Everything I did here was DIY from the sump to connecting the pump and the plumbing. Started plumbing in the day and finished at night. It may not be pretty but it works










































Let everything dry til the next day and filled it up.


















Also tested many times and it's flood proof if a power outage occurs. As of today there are a few slight changes and tweeks to the sump and plumbing. The tank has been running for 2 months with fish in it and everyone is doing great.

My other tank 86 gallon setup.










Videos of new setups
















For the stock pics check out my other threads here.

http://www.bcaquaria.com/forum/member-photo-video-gallery-17/86-gallon-450-gallon-community-18365/

http://www.bcaquaria.com/forum/monster-fish-21/some-more-shots-my-450-monster-community-18248/index2.html#post153684

Thanks for viewing.
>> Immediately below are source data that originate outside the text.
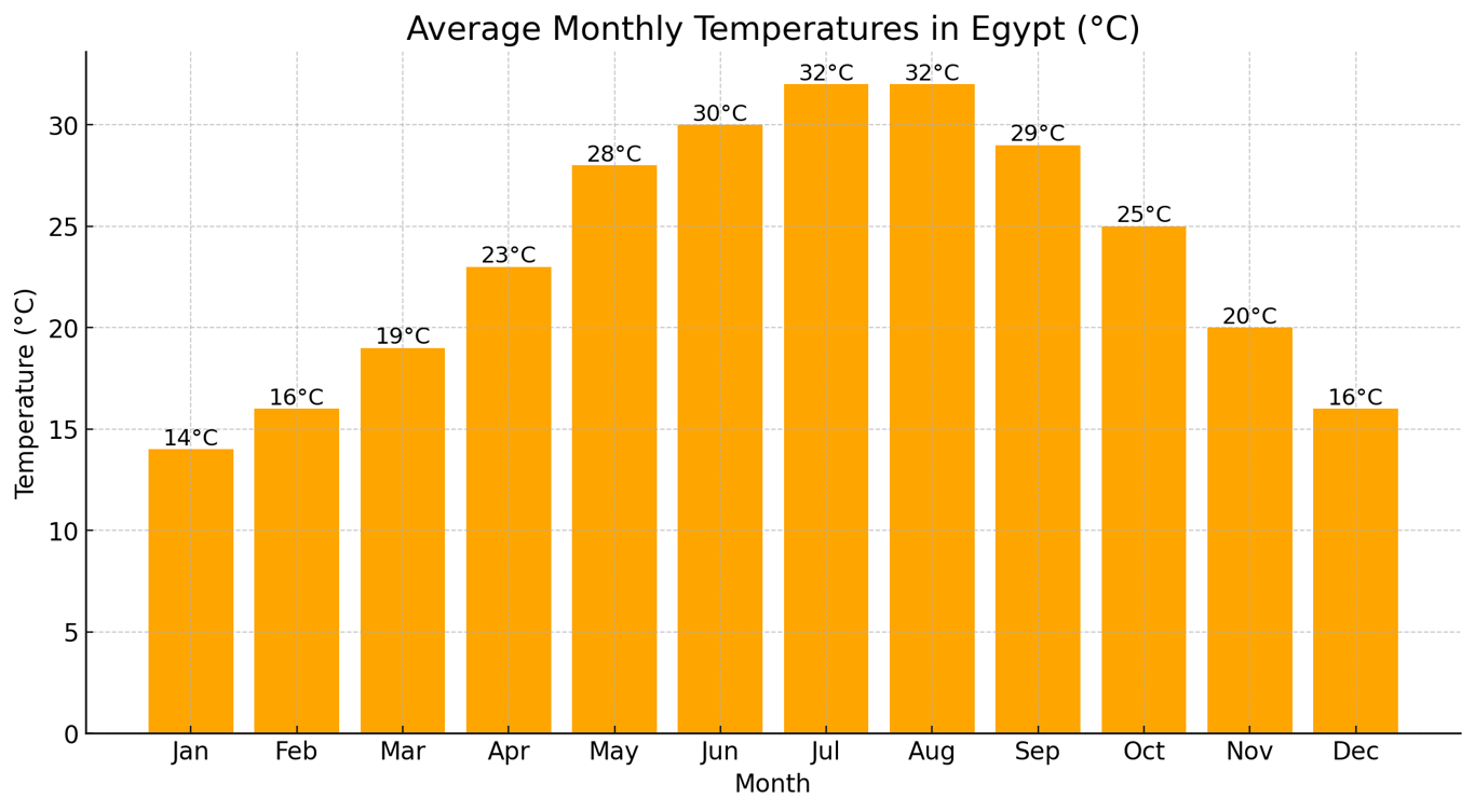 To provide a visual overview, here is a bar graph representing Egypt’s month-by-month average temperatures (°C):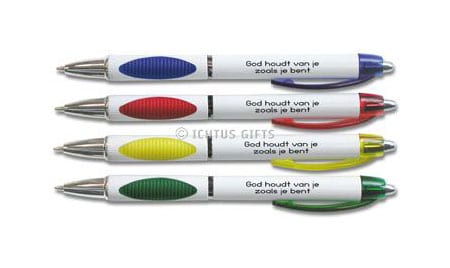 Verschillende kleuren met: God houdt van jou zoals je bent. Mooi om als boodschap aan kinderen/tieners en jongeren mee te geven. (prijs is per pen)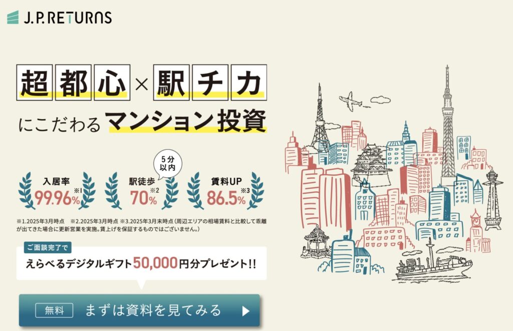 JPリターンズは平成14年11月に設立された不動産投資をサポートしてくれる会社です。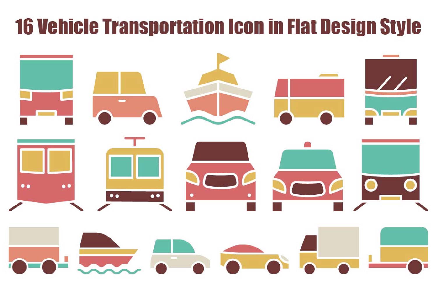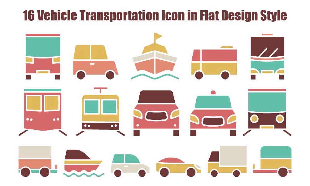 16 Vehicle Transportation Icon in Flat Design Style

Comments welcome.

Andy


----------



## blurry (May 10, 2010)

OMG Andy that 450g setup is nuts.
Can you tell me how much it cost you for everything with those fx5's? Thanks!
Also what are the dimension of your tank and stand 'cause that stand looks so nice and simple.


----------



## jobber (May 14, 2010)

Those are some great pictures and an awesome setup. 
Look forward to seeing more and more pictures


----------



## Crazyfish88 (Apr 28, 2010)

blurry said:


> OMG Andy that 450g setup is nuts.
> Can you tell me how much it cost you for everything with those fx5's? Thanks!
> Also what are the dimension of your tank and stand 'cause that stand looks so nice and simple.


Thanks. After everything all said and done about 5k for the whole setup. Dimensions of the tank is in my sig and the stand is the exact same dimensions as the tank.


----------